Growing Concern

Melinda Curtis wants us to break the food chain by buying Michigan crops and boosting the economy
3487

Five years ago, the Michigan asparagus industry was wilting. Most of the spears grown in the sandy soil along the Lake Michigan shore went into cans and competed for shelf space with Peruvian asparagus.

As the price for processed asparagus slumped, Michigan’s asparagus industry floundered. Just a few years later, thanks to the simple idea of putting fresh, regionally grown produce in local grocery aisles, Michigan asparagus farmers increased their fresh production from 1.5 million pounds to 4 million pounds annually. Today, a third of the state’s asparagus industry is plugged into the fresh market, says John Bakker, executive director of the Michigan Asparagus Advisory Board, and it’s been profitable.

That turnaround came thanks to the state’s Select Michigan Campaign and the efforts of Melinda Curtis, a program representative for the Michigan Department of Agriculture’s (MDA) Select Michigan Program and passionate food activist from Keego Harbor.

Asparagus isn’t the only Michigan crop that’s coming into its own with the help of Curtis and the MDA. Blueberries, potatoes, carrots, apples, sugar, wine, and Eden Organic Foods have worked with Select Michigan to stock grocery shelves and wedge their way into consumers’ consciousness. Ask Curtis what she’s most proud of and she’ll say: “I had an impact on a market.”

With the Select Michigan program up and running, Curtis has added another focus to her mission: uniting metro Detroit through local food. Her latest venture is the nonprofit Slow Food Detroit.

Curtis, who boasts that her family has been in Michigan since the 1830s, grew up in Bloomfield Hills and then left the state to study communications at Northwestern University. Following a career in public television in the 1980s, she returned to Michigan in 1989 for a job in marketing and communications. After witnessing a close friend’s struggle and death from cancer, she began researching food and discovered organics. Curtis, the daughter of a doctor, says “it shattered” her to see her friend die despite the best that medicine had to offer.

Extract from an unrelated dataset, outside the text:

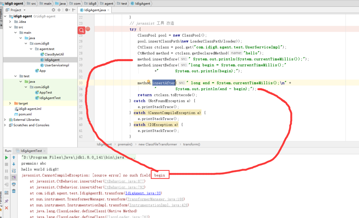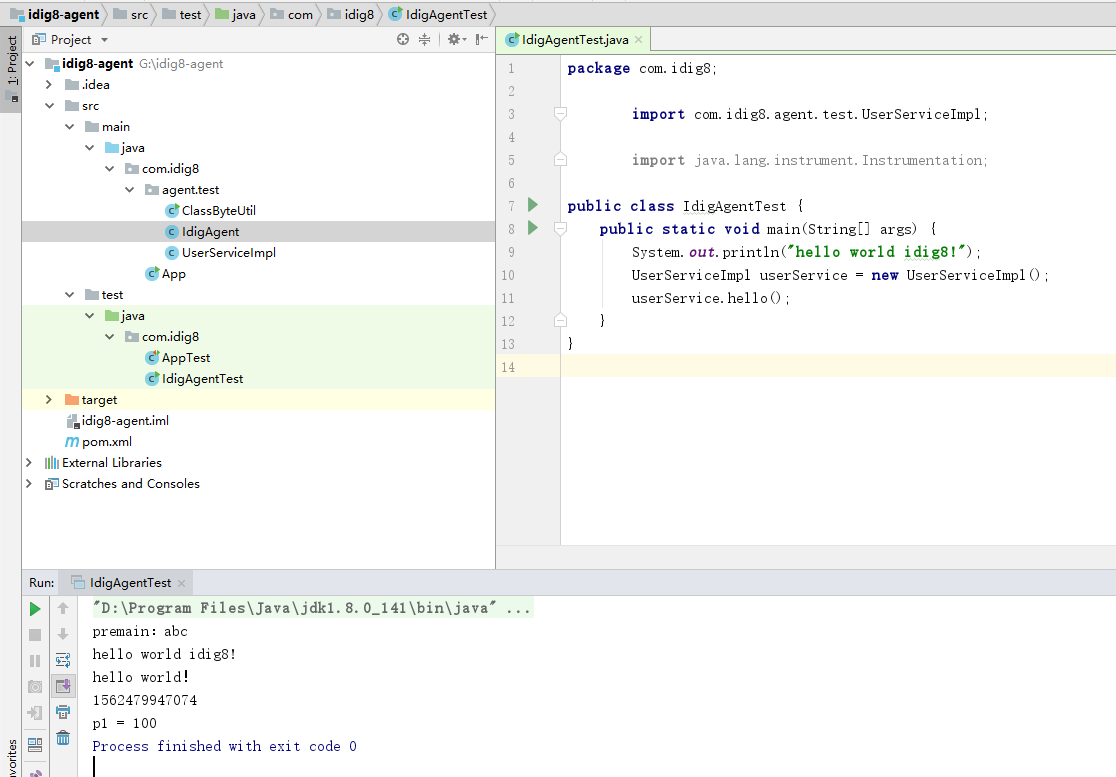 IdigAgent ->IdigAgentTest->UserServiceImpl的类->UserServiceImpl被插桩启动开始的hello-> 打印hello方法体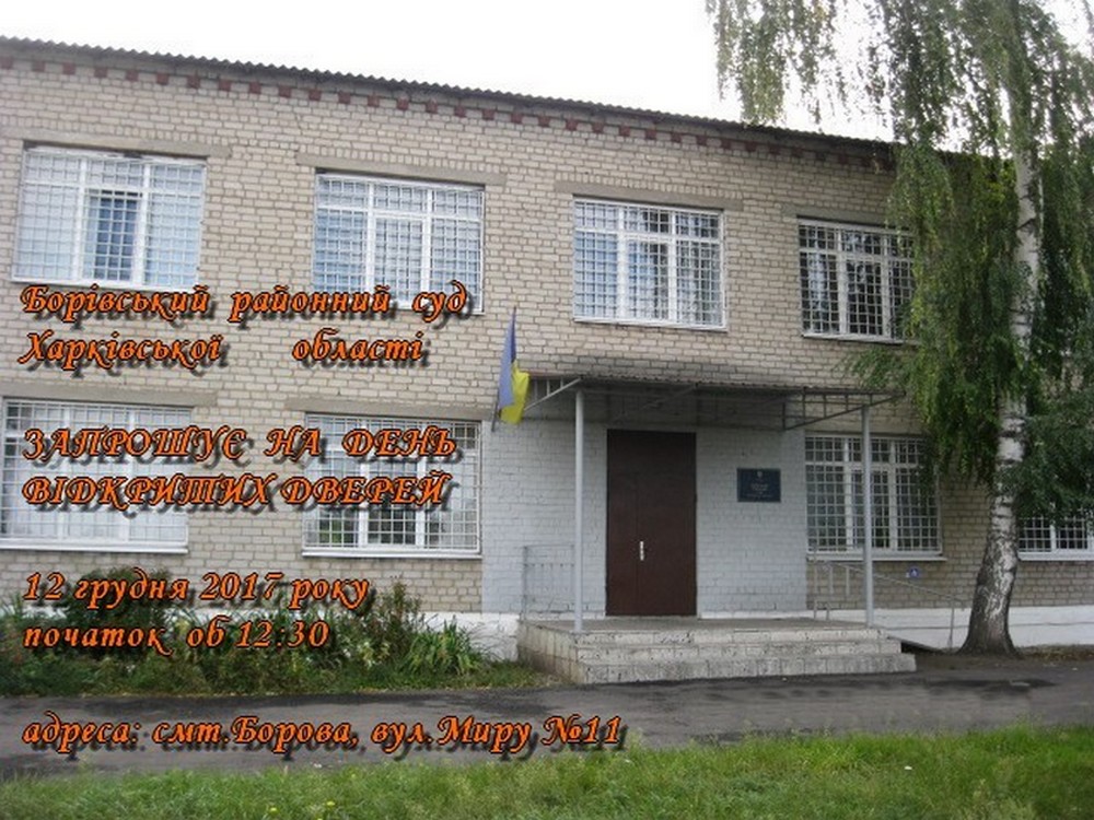 Тож,  Борівський районний  суд Харківської області знову відкриє двері для правничої молоді Борівщини, запрошуємо  школярів 11-х класів окружного опорного закладу  Борівської ЗОШ І-ІІІ ст. № 1  ім. Ім. Героя   Радянського Союзу В.С. Колісника.

In the early 1990s, while embarking on a quest to find Michigan’s organic farms, Curtis envisioned rolling hills dotted with farms that produced everything from hogs to radishes. Instead, she was taken aback by the acre upon acre of corn and soy grown on large industrial farms.

Realizing that the food system was changing, and Michigan’s local production was at risk, Curtis decided to reconnect people with their food. She hosted a local radio show, worked with Whole Foods Market, and then joined the Select Michigan campaign.

The campaign was intended to reverse a trend in the American food chain, which had been responding to consumer demand for out-of-season and international products. Food on the dinner table was becoming more and more exotic. Last year, for the first time, the United States became a net importer of food. We now import 60 percent of our food from overseas.

Enter the local food trend, which in Michigan has grown exponentially in the last two years and could help boost the state’s economy. “If people are buying more Michigan products, there is more money in Michigan, and we’re helping support the [local] economy,” says Ted Handelsman, owner of Better Health Market, a local grocery chain that works with Curtis’ campaigns.

Curtis subscribes to that same economic theory. In 2006, she founded a local chapter of the international Slow Food organization. The goal of Slow Food Detroit is to help Michigan lead the nation in agricultural diversity and be known internationally for its culinary arts.
As its mission statement says, “Detroit is surrounded by affluent suburbs with infinite food choices and more master chefs per capita than any state in the country, but recently the city itself was labeled by a national study as a food desert, where most residents have to procure their food from local gas stations or liquor stores.”

Curtis envisions a city lush with community gardens that produce fresh fruits and vegetables for residents. She imagines greenhouses next door to office buildings and grocery stores that double as community centers. “We could be a great eating city,” she says, “We just need to come together and redefine ourselves.”